Philippines stops SEAIR, Tiger Airways collaboration

MANILA, May 19 (Reuters) - Philippine authorities have given South East Asian Airlines (SEAIR) a cease-and-desist order on two new routes over concerns arrangements with part-owner Tiger Airways violate local laws, the regulator and local carrier said.

Four rival domestic carriers had filed a joint opposition to the partnership, saying SEAIR was selling tickets and accepting bookings through Singapore-listed Tiger’s website, which they said was not allowed under the agreement covering the lease of two of Tiger’s Airbus 320 jets to SEAIR.

Manila’s Civil Aeronautics Board (CAB) said on Thursday there were signs the collaboration between the two airlines was beyond the allowed aircraft lessor-lessee relationship and a normal marketing agreement.

SEAIR president Avelino Zapanta said the carrier had complied with the CAB directive while it evaluated the order, and was waiting for the regulator’s final decision.

“The CAB order is for us to temporarily stop the Manila-Cebu and Manila-Davao flights that we were supposed to launch in July. SEAIR’s international flights will not be affected,” he told Reuters.

“We are thinking of using the leased aircraft for our Manila-Macau flights that will be launched on May 27,” Zapanta said in a phone interview.

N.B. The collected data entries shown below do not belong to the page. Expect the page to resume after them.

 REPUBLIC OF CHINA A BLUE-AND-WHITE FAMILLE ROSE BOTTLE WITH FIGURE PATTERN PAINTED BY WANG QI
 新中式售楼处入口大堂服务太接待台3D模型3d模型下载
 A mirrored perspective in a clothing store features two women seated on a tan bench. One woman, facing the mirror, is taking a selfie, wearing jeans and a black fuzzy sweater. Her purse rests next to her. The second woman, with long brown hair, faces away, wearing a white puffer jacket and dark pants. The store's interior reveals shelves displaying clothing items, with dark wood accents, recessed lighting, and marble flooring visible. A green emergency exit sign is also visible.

Carmelo Arcilla, CAB executive director, said the order was issued “based on strong indications of possible violation of the restriction on cabotage, and in order to prevent injury to public interest and an exacerbation of the questioned activity.”

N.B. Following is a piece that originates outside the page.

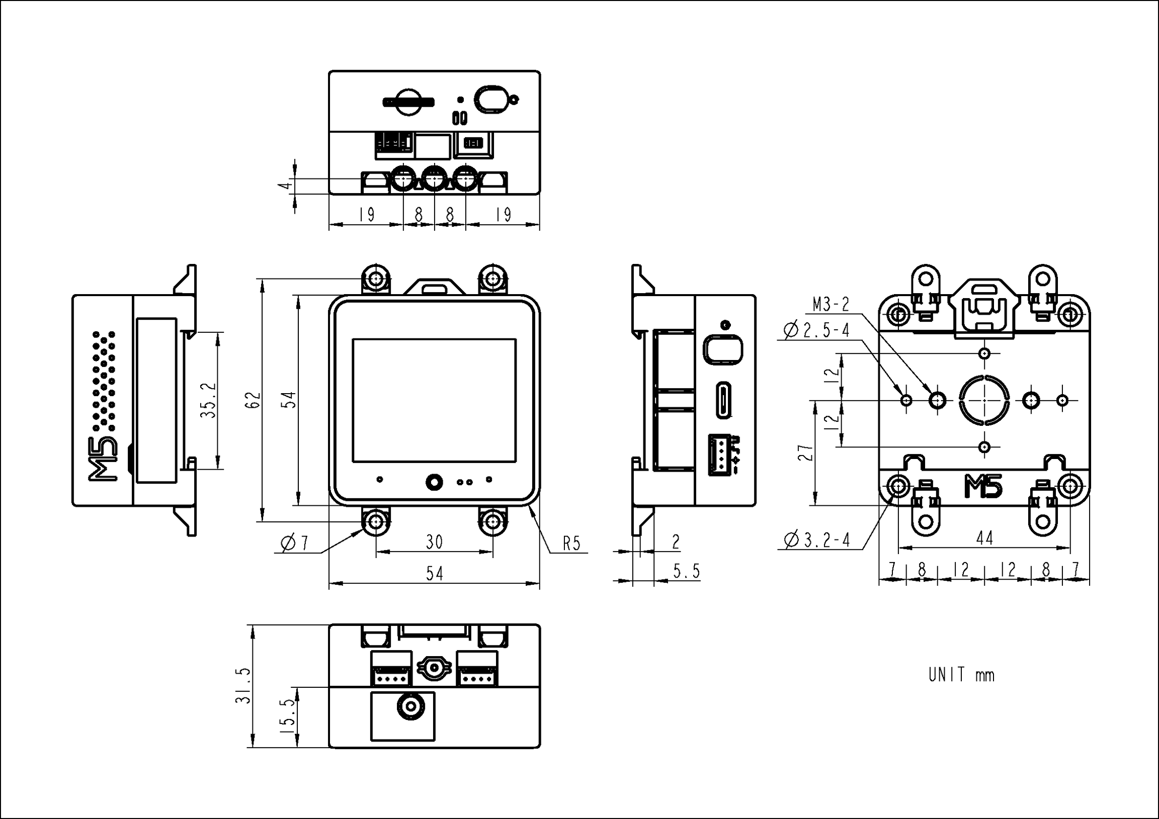 Full Assembly Kit(CoreS3+DinBase):54 * 54 * 31.5mm CoreS3:54 * 54 * 15.5mm

Cabotage is the right to transport cargo or passengers within a country, and is reserved for local entities.

“(The cease-and-desist order) will take effect until the board finally resolves all the issues,” Arcilla told Reuters.

Complainants Philippine Airlines , Cebu Pacific , Air Philippines and Zest Air, all of which compete in the domestic market, also said they did not think SEAIR could finance an expensive aircraft lease on its own.

The order showed the four carriers said Tiger had virtually taken over SEAIR, as the Singapore budget carrier was handling all the core operations of the Philippine airline.

Tiger and SEAIR launched their marketing partnership last November. In February, Tiger said it had agreed to buy a 32.5 percent stake in SEAIR for $6 million. [ID:nL3E7DO0XR]

Zapanta said the CAB order wouldn’t affect the lease agreement and Tiger’s ongoing due diligence on SEAIR for the stake purchase. (Reporting by Erik dela Cruz; Editing by Rosemarie Francisco and John Mair)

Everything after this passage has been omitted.